Gotta remind myself all the time too that I am HUMAN of flesh and blood I'm made.


----------



## Pablo (Sep 1, 2005)

Whatever what was going around wasnt offered to me :lol: nah its just when going out with old school friends now at my age they are mostly now paired off so they go back home to whatever and I go home and fire up the internet weeey heey  life is great :lol:

sorry wont hijack your thread any more hazelnutta


----------



## SistA HazeL (Aug 10, 2008)

It's all good Poblo. I don't mind anyone having a convo on this thread. Makes it more fun and yeah lol


----------



## Pablo (Sep 1, 2005)

hazelnutta said:


> Let's all get wasted!!
> 
> Lol. Now back to the topic.
> 
> ...


 I think we treat ourselves harder than society or anybody else out there ever does


----------



## Guest (Sep 6, 2008)

hazelnutta said:


> I honestly am confused what society wants from me. I'm also refusing to compromise to what the society views as the norm. Why can't they accept that we are all different and that we live lives differently and we all make mistakes, stuff ups.
> 
> Gotta remind myself all the time too that I am HUMAN of flesh and blood I'm made.

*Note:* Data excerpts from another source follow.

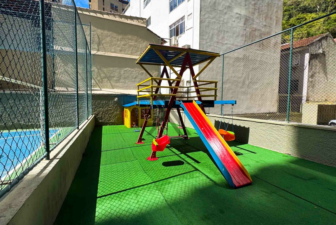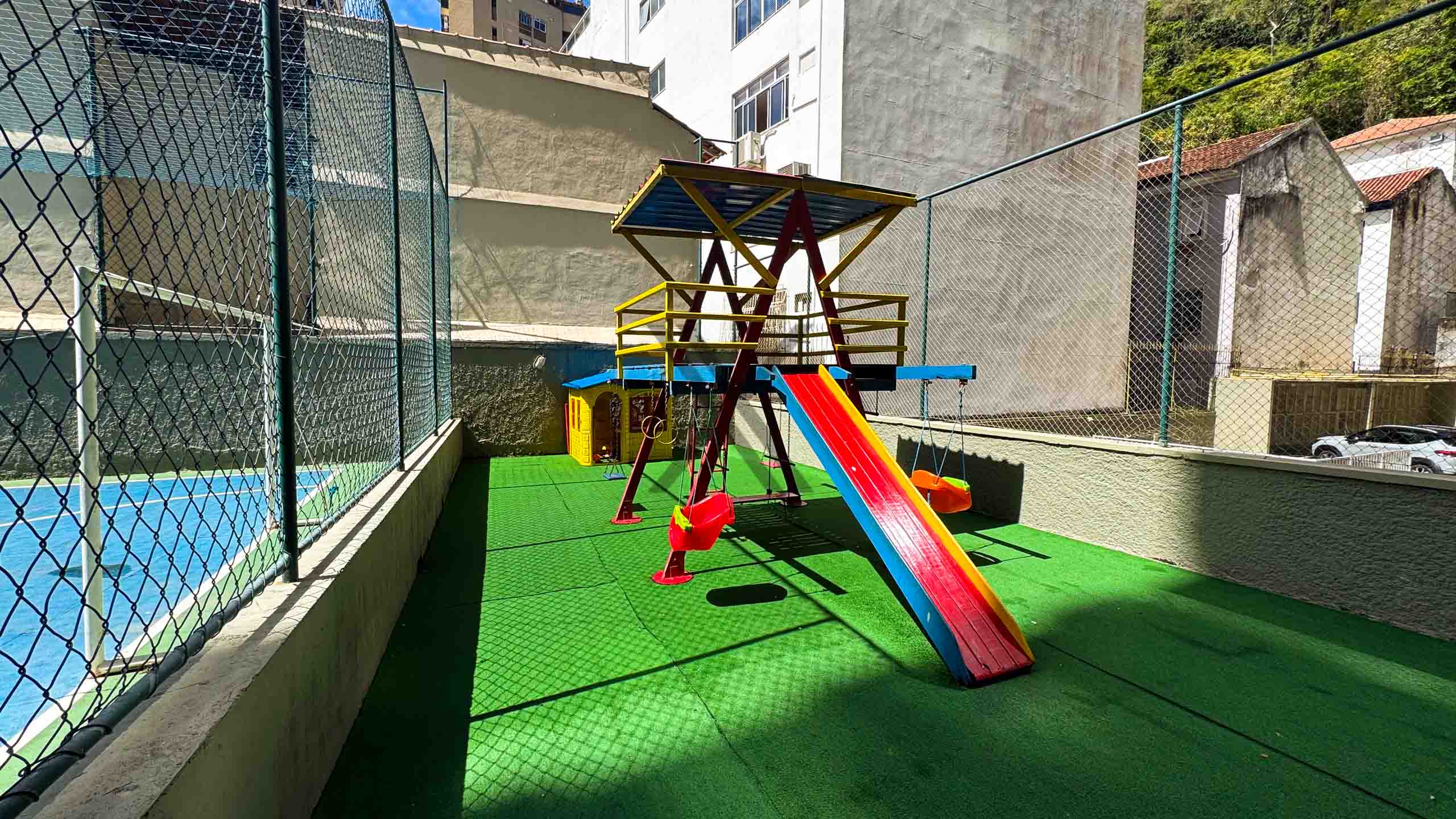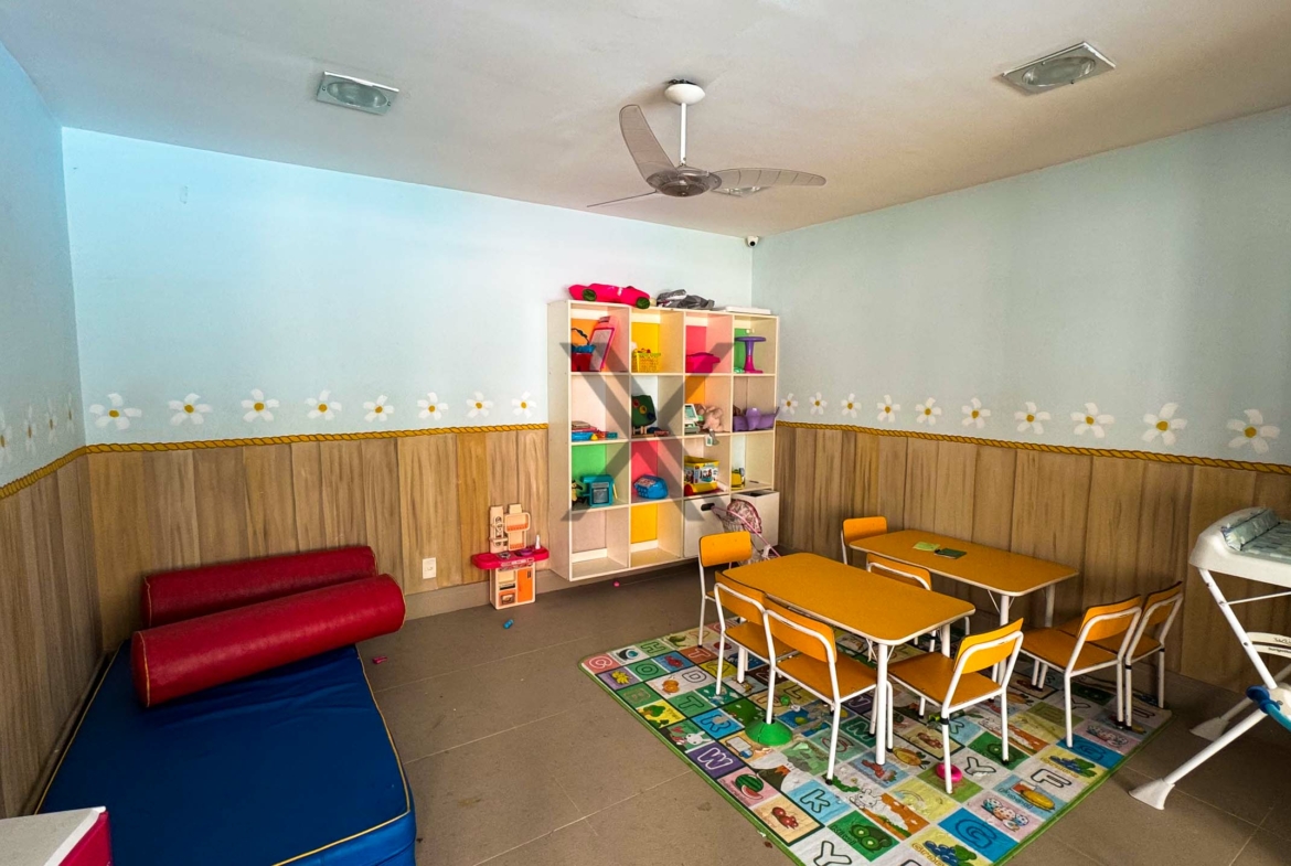 O condomínio oferece portaria 24 horas com boa apresentação, controle de acessos, circuito de câmeras e segurança perimetral. Na área de lazer, é possível usufruir de brinquedoteca, quadra poliesportiva, academia, salão de festas e playground.
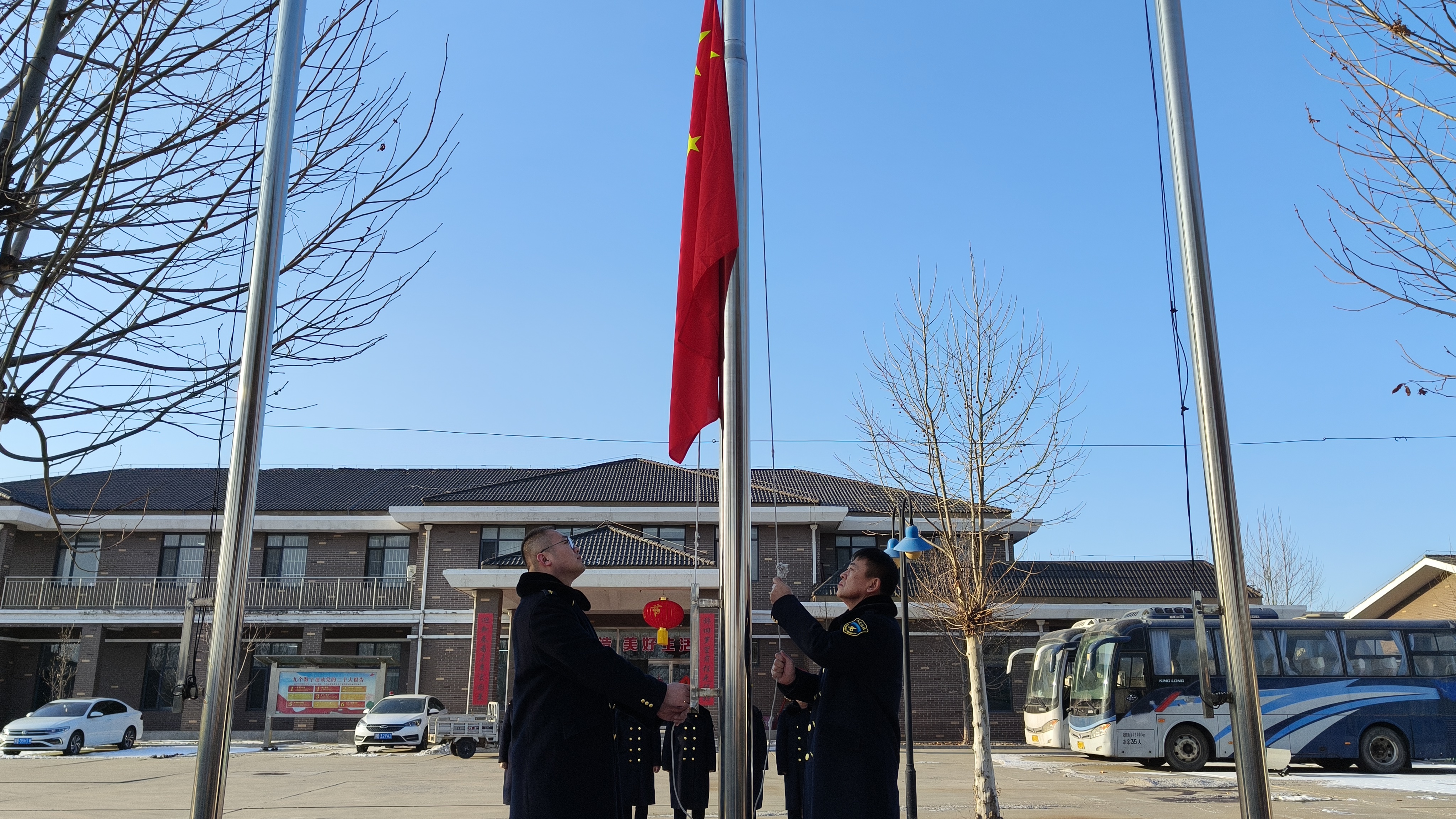 随着激昂雄壮的国歌声骤然响起,一面鲜艳的五星红旗在晨光中缓缓升起,宛如希望的灯塔,在众人饱含深情的目光中迎风招展,熠熠生辉。这一刻,在场的每一位职工心中都涌动着对伟大祖国的深切热爱与对美好未来的无限向往,他们的眼神坚定而炽热,共同见证了这一庄严而神圣的时刻。
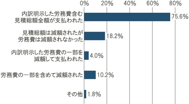 労務費を内訳明示した見積書を交付した際の元請けの対応を下請けに聞くと、労務費を含む見積額全額が支払われる契約となったのが75.6%に上った。見積額は減額されたが労務費は減額されない契約の下請けも18.2%いた。

Im sorry im getting wasted in your thread Hazel,how rude of me......  
I thin k you should just be your lovley self...I dont play by the rules either that much.Society is so conditioned with its beleifs of whats acceptable and whats not.
youve got people becoming doctors because their parents wanted them to...
People beleiving in god because theyre scared not to[no offence to anyone meant]
People settleing down having 2.4 kids because they think they are suposed to...
Very few do what they want to because they feel society or their family will frown on them........it makes me very sad.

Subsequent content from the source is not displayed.